Einen Orchesterklang als unverwechselbar zu beschreiben, fällt heute schwer. Genau das reklamieren jedoch die Wiener Philharmoniker für sich. "Die Oboe zum Beispiel ist hier ein anderes Instrument als bei anderen Orchestern: ein früheres, obertonreicheres Exemplar", so Wolfgang Plank. "Auch Hörner, Pauken und sogar die Triangel sind Sonderanfertigungen für die Wiener Philharmoniker."
Der spezielle Klang ist auch von den wichtigsten Dirigenten der jeweiligen Zeit geprägt worden - allen voran vom legendären Hans Richter, dessen Zeit als Chefdirigent von 1875 bis 1898 als "goldene Ära" beschrieben wird. Wagner, Verdi, Bruckner, Brahms und Liszt dirigierten das Orchester oder konzertierten darin als Solisten. Von 1898 bis 1901 arbeitete Gustav Mahler eng mit dem Klangkörper zusammen und führte ihn 1900 auf seine erste Auslandstournee, zur Weltausstellung in Paris. Mit Felix von Weingartner, der die Wiener von 1908 an 19 Jahre lang leitete, verließ das Orchester 1922 erstmals Europa und gastierte in Südamerika. Seit 1933 arbeiten die Wiener Philharmoniker nur noch mit Gastdirigenten.
Dunkle Jahre
Nach dem Anschluss Österreichs an Deutschland im Jahr 1938 lösten die Nationalsozialisten die Selbstverwaltungsstruktur der Wiener Philharmoniker auf, um sie unter staatliche Kontrolle zu bringen. Nur durch Intervention des Dirigenten Wilhelm Furtwängler und anderer konnte dieser Bescheid rückgängig gemacht werden. Alle jüdischen Künstler wurden sofort entlassen. Fünf davon starben im Konzentrationslager, zwei weitere verfolgungsbedingt in Wien. Neun Orchestermitglieder wurden ins Exil gezwungen. Elf Mitglieder, die entweder mit Jüdinnen verheiratet oder als "Halbjuden" stigmatisiert waren, verblieben im Orchester, lebten jedoch unter ständiger Bedrohung. 1942 waren 60 der 123 aktiven Mitglieder der Wiener Philharmoniker Mitglieder der NSDAP, ein viel größerer Anteil als allgemein in der Bevölkerung. Eine fortlaufende Dokumentation der Nazi-Ära mit erschütternden Geschichten einzelner Schicksale ist auf der Homepage der Wiener Philharmoniker zu lesen.
Aufbruch in die Moderne
Sogar das Neujahrskonzert ist eine Tradition aus der Nazi-Ära - was den Glanz der Philharmoniker in der Nachkriegszeit kaum getrübt hat. Sie arbeiteten mit führenden Dirigenten weiter: fünf Jahrzehnte mit Herbert von Karajan und mehrere Jahre mit dem Ehrenmitglied Leonard Bernstein. Trotz aller Traditionsverbundenheit zeigte das Orchester größte Flexibilität in jahrelanger Zusammenarbeit mit dem Originalklang-Experten Nikolaus Harnoncourt.
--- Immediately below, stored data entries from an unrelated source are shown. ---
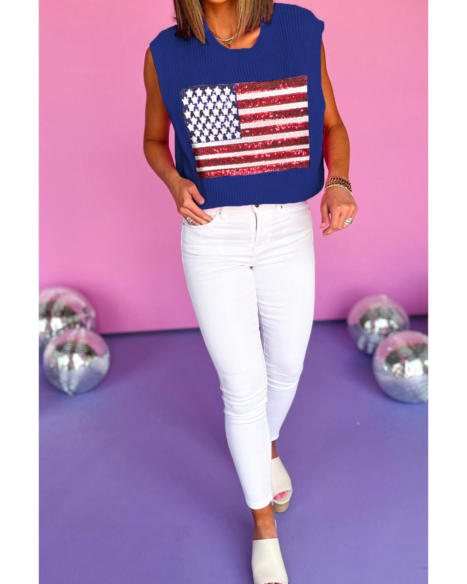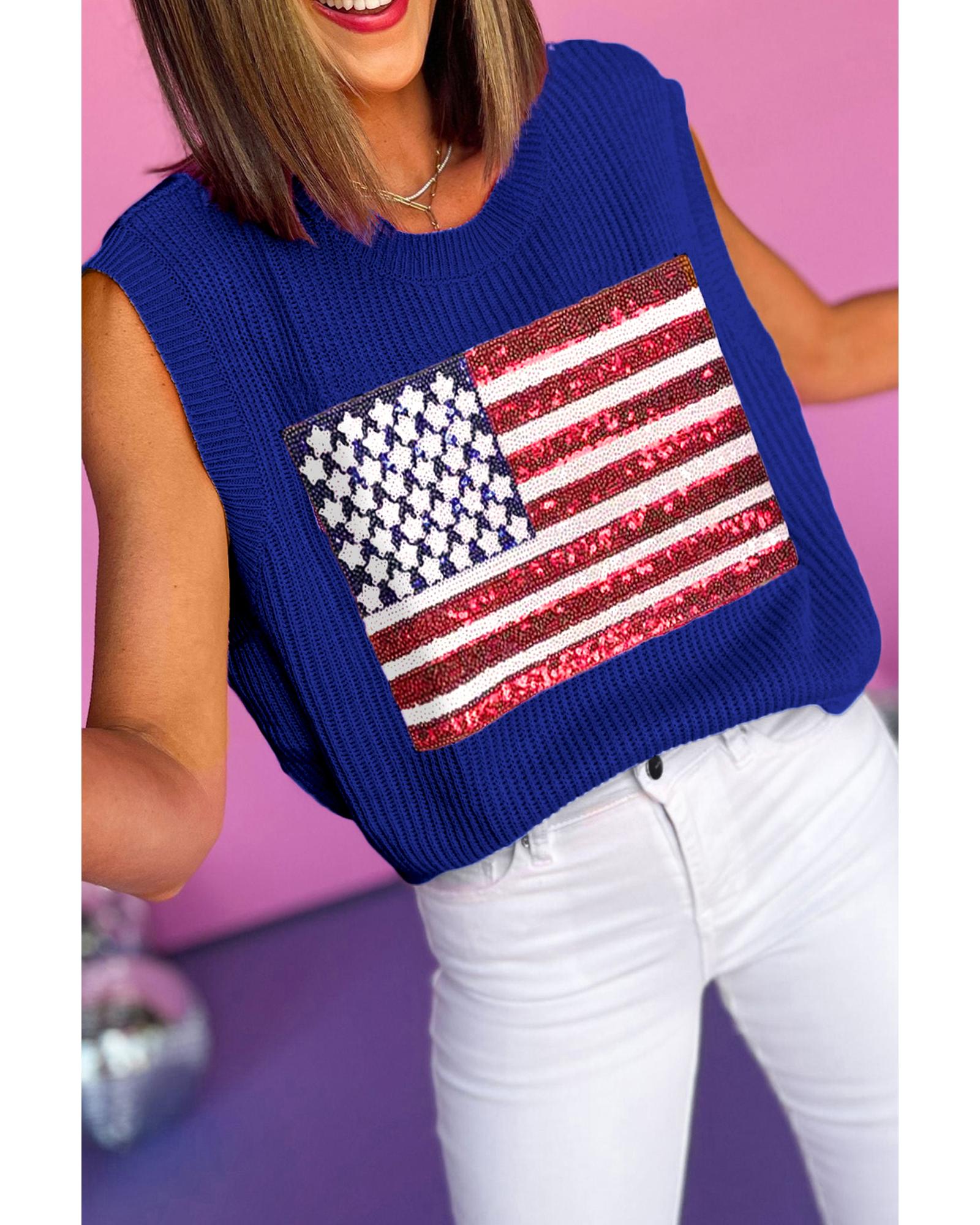 Bonbon Sparkling American Flag Knitted Vest - 2XL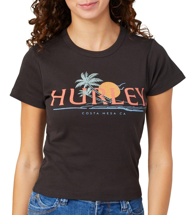 This juniors baby tee features a coastal inspired graphic with brand script, a classic crew neckline, short sleeves, and a cropped length. Its laid back style makes it perfect for sunny days and casual outfits.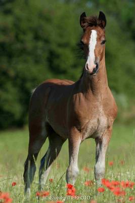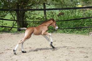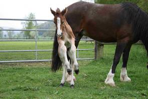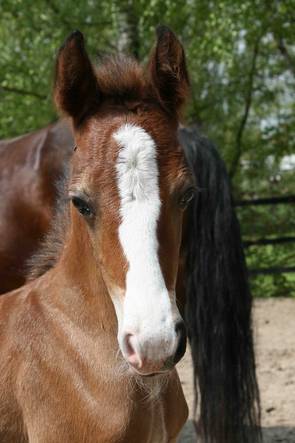 Nach einem (!) Jahr und zwei Tagen Trächtigkeit ist der kleine, putzmuntere Kerl auf die Welt gekommen. Noch nass und Eihaut auf dem Hintern wieherte er laut in die Welt hinein, um sich bemerkbar zu machen : )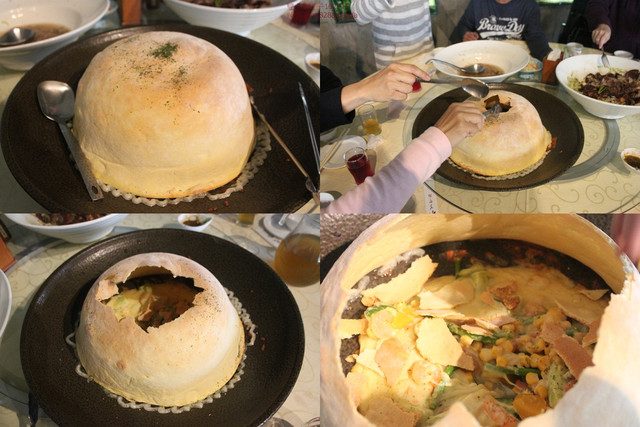 在 從 上 方 開 始 敲 開 大 堡 內 的 焗 水 果 出 現 了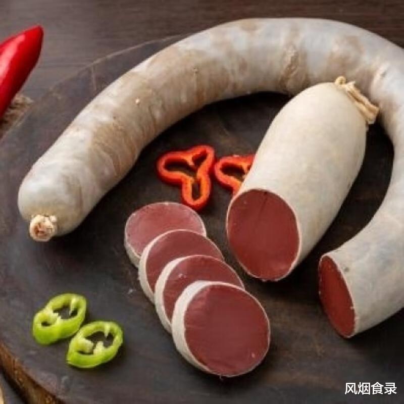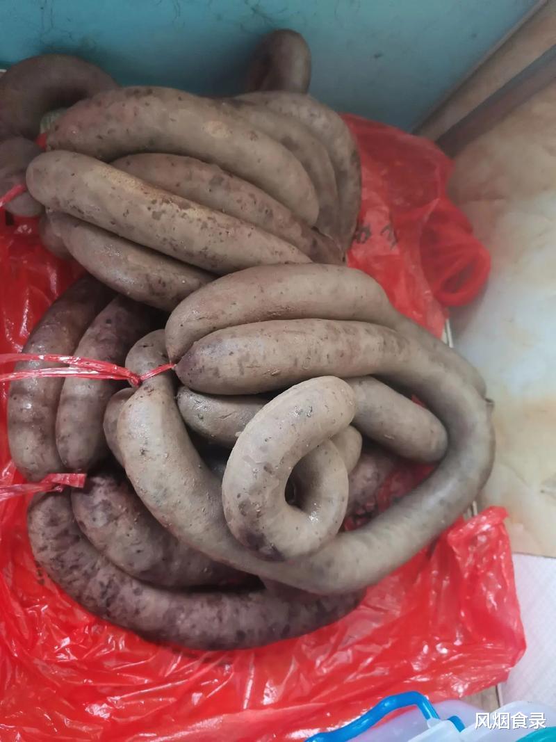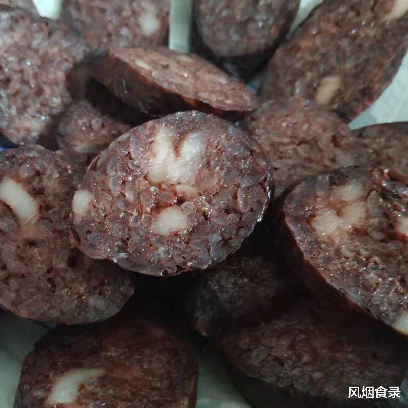 做法简单:猪血与面粉按3:7比例混合,灌入洗净的猪肠,文火煮1.5小时,期间扎孔排气。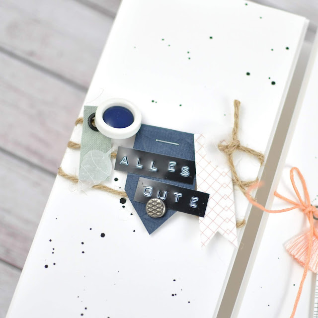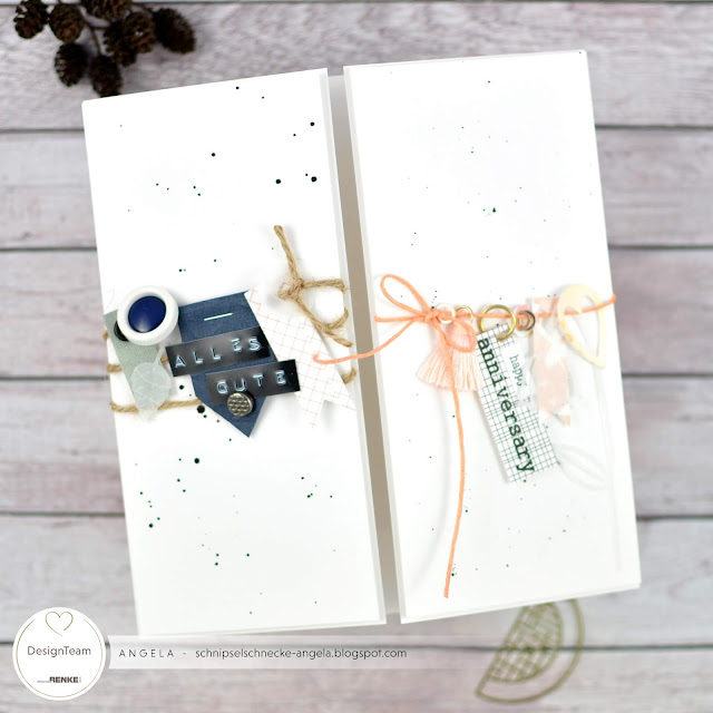 …feiern braucht es eine Doppelkarte. Ich habe mich von der lieben Claudi inspirieren lassen und eine Karte mit zwei Seiten gestaltet. Eine für IHN und eine für SIE. Der Hintergrund ist ganz einfach nur mit schwarzer Tinte besprenkelt und die Embellis schön klischeemäßig auf Mann und Frau aufgeteilt.:) Ich finds hübsch und ihr?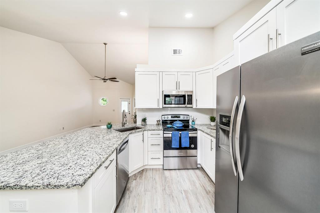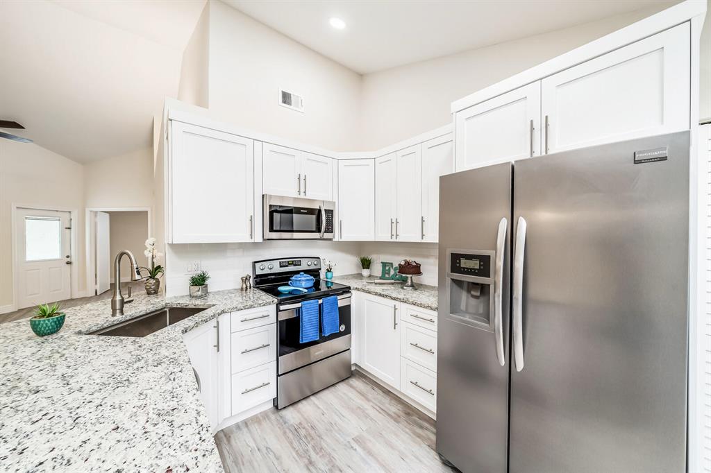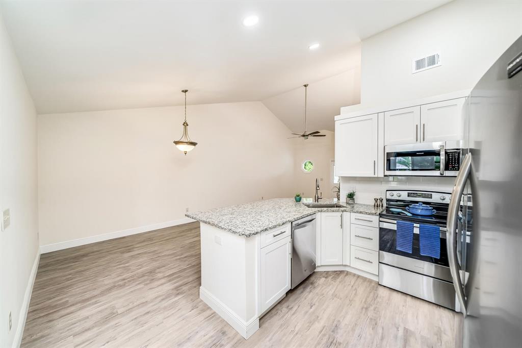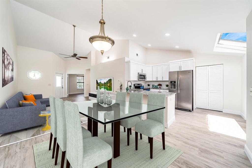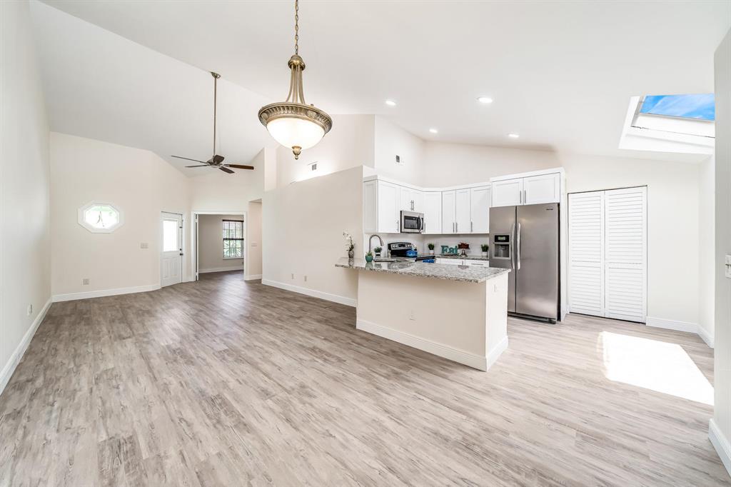 Everything is New & Fabulous in this Home that features 3 bedrooms, 2 baths, & a 1 car garage in the highly desirable community of Trends at Boca Raton. Home is vacant and ready to close ASAP! Open floor plan with Cathedral/Vaulted Ceilings plus wood laminate/vinyl flooring throughout (tile in bathrooms). New updated kitchen w/ granite countertops, white shaker cabinets with pull out drawers, stainless appliances include electric range and microwave, fridge & dishwasher, white subway tile backsplash, skylight, pantry and more!! Master Bedroom has double closets and an En-suite w/combo Tub shower w/updated tile, marble top vanity and wood cabinet with pull out drawers. The guest bath is super updated as well. Brand new Roof just completed End of July 2021! Six foot PVC fence from 2019!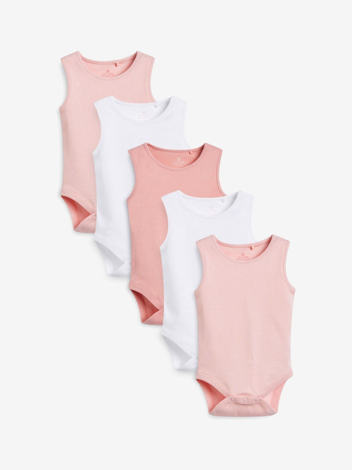 Pink/White 5 Pack 7 Pack Essential Vest Baby Bodysuits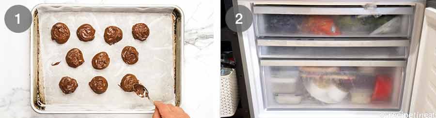 - Line a small tray with baking paper / parchment paper. Dollop Nutella on tray and spread to ~8mm/ 1/3"thick rounds. Freeze for 1 hour until firm enough to pick up.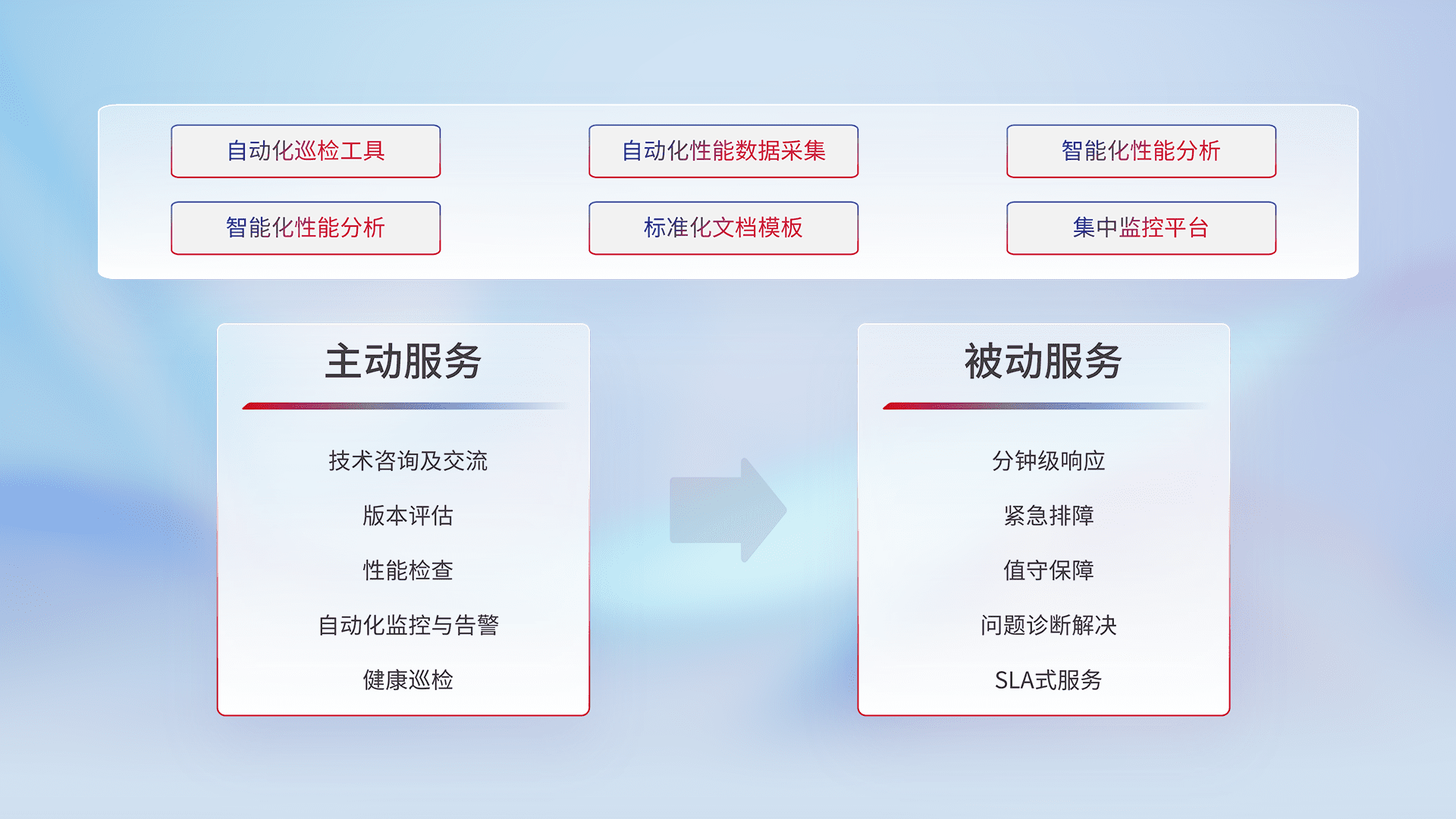 智能化工具和标准化文档,,,保障服务质量,,,提供主动服务(包含技术咨询、、版本评估、、性能检查、、、、自动化监控与告警、、、、健康巡检)和被动服务包含(分钟级响应、、、、紧急排障、、值守保障、、、问题诊断解决、、SLA服务)。。。。

Insgesamt gab das vielfach preisgekrönte Orchester in seiner 175-jährigen Geschichte etwa 7000 Konzertauftritte, heute sind es über 40 Konzerte jährlich in Wien und mehr als 50 bei internationalen Gastspielen. Fast jedes Jahr seit 1922 sind die Wiener Philharmoniker bei den Salzburger Festspielen aufgetreten. Sommerliche Freiluftaufführungen am Schloss Schönbrünn in Wien ziehen rund 100.000 Besucher an.
Im noch jungen Jubiläumsjahr gehen die Wiener Phiilharmoniker auf US-Tournee: Ab dem 24. Februar führt sie der Dirigent Franz Welser-Most in New York, Florida und North Carolina. Und ab dem 26. März spielt das Orchester sechs Konzerte unter der Leitung von Andris Nelsons in Wien, Paris, Frankfurt und Dortmund.
Anlässlich des Jubiläumsjahrs der Wiener und der New Yorker Philharmoniker - beide Orchester feiern 2017 ihr 175-jähriges Bestehen - wurde am 23. Februar eine Ausstellung mit Dokumenten beider Orchester am Austrian Cultural Forum in New York eröffnet. Die Ausstellung geht anschließend nach Wien und wird in erweiterter Form im Haus der Musik am 175. Geburtstag der Wiener Philharmoniker, dem 28. März, eröffnet.